Now, we need to get a sense of what our dataset looks like! How energetic are the particles? Are they distributed relatively evenly in momentum space? What symmetries do these collision events seem to obey?

Plot histograms of the energy and momenta of the daughter particles. Comment briefly on their distributions (perhaps address the three questions in the previous line).

Note: we're going to be making a lot of histograms in this notebook. It might be useful to write a function that can quickly make nice-looking histograms so you don't have to explicitly type out the same formatting-related lines multiple times.


In [None]:
# Write your plotting function here
    
def plot_histogram(observables, bins, xlabel):

    """
    INPUTS:
    
    observables: a list of floats (or ints) containing the data to be histogrammed
    
    bins: a np.array containing the histogram bin edges
    
    xlabel: a string of the histogram x-axis label
    
    **********
    **********
    
    OUTPUTS: 
    
    None
    
    """



Most particle physics analyses do not use $E$, $p_x$, $p_y$, and $p_z$ as the variables for analysis. Instead, it is easier to analyze the variables $p_T$ (the momentum component transverse to the beam axis), $y$ (rapidity), and $\phi$.

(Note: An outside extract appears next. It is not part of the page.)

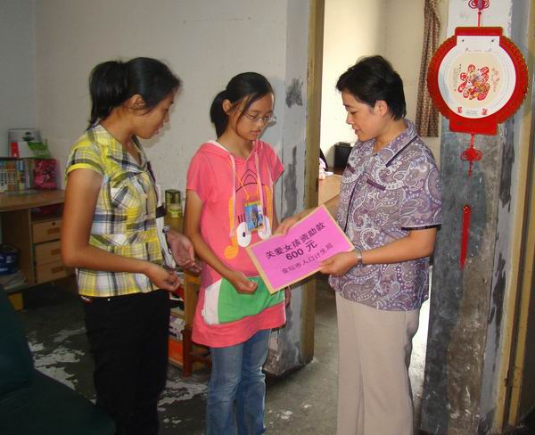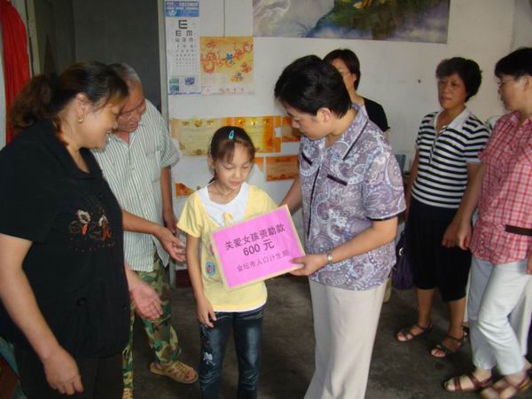 金坛市开展关爱女孩、帮困助学活动。日前,金坛市妇联、计划生育局、教育局等单位对全市范围内贫困家庭开展慰问活动,给金城镇、开发区的三户计划生育女孩户送去了慰问金,表达了党和政府对贫困群众的关注和关怀。
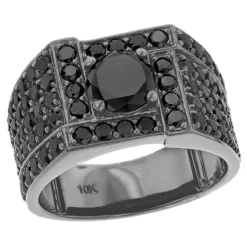 Black Plated 10K Black Plated Gold Black Diamond Ring For Men 4ct By Luxurman

Created histograms of these three variables. (You will may have to look up the definitions of these variables in terms of the Cartesian 4-momenta). Comment briefly on their distributions.

In [None]:
# Write your function here

def calculate_coords(event):
    
    """
    INPUTS:
    
    event: a list of lists [p4_a, p4_b, p4_c, p4_d] corresponding to a given collision event.
            Each p4_i is a list of floats containing the 4-momenta and charge [E, px, py, pz, charge]
    
    **********
    **********
    
    OUTPUTS: 
    
    collision_pT: a list of the transverse momenta for each of the daughter particles
                    collision_y, collision_phi are defined similarly
    
    
    """


In [None]:
# Write your plotting code here


# 3 

Now we want to calculate the mass of the resonant particle $X$ that was produced in the collision event. However, we don't know which two of the four particles in each event decayed from $X$. We do, however, know that $X$ is a neutral particle.

For every valid combination of daughter particles that could have come from a decay of $X$, calculate the hypothetical mass of $X$. Then plot a histgram of all of the invariant masses and make a guess at what the true mass of $X$ is.

In [None]:
# Write your functions here

def calculate_m2(particle1, particle2):
    
    """
    INPUTS:
    
    particle1: a list [E, px, py, pz] of 4-momentum components 
    particle2: a list [E, px, py, pz] of 4-momentum components 
    
    **********
    **********
    
    OUTPUTS: 
    
    m: A float of the invariant mass of a hypothetical mother particle that could have decayed into particle1 + particle2
    
    """
    
        

def get_event_invariant_masses(event):
    
    """
    INPUTS:
    
    event: a list of 4-momenta
    
    **********
    **********
    
    OUTPUTS: 
    
    masses: a list of the hypothetical invariant masses of the particle X
    
    """
         



In [None]:
# Execute your code here
    


# 4

Of course, estimating $m_X$ by eye is not at all rigorous. We should curve fit the invariant mass distribution, then extract the mean of the fit curve.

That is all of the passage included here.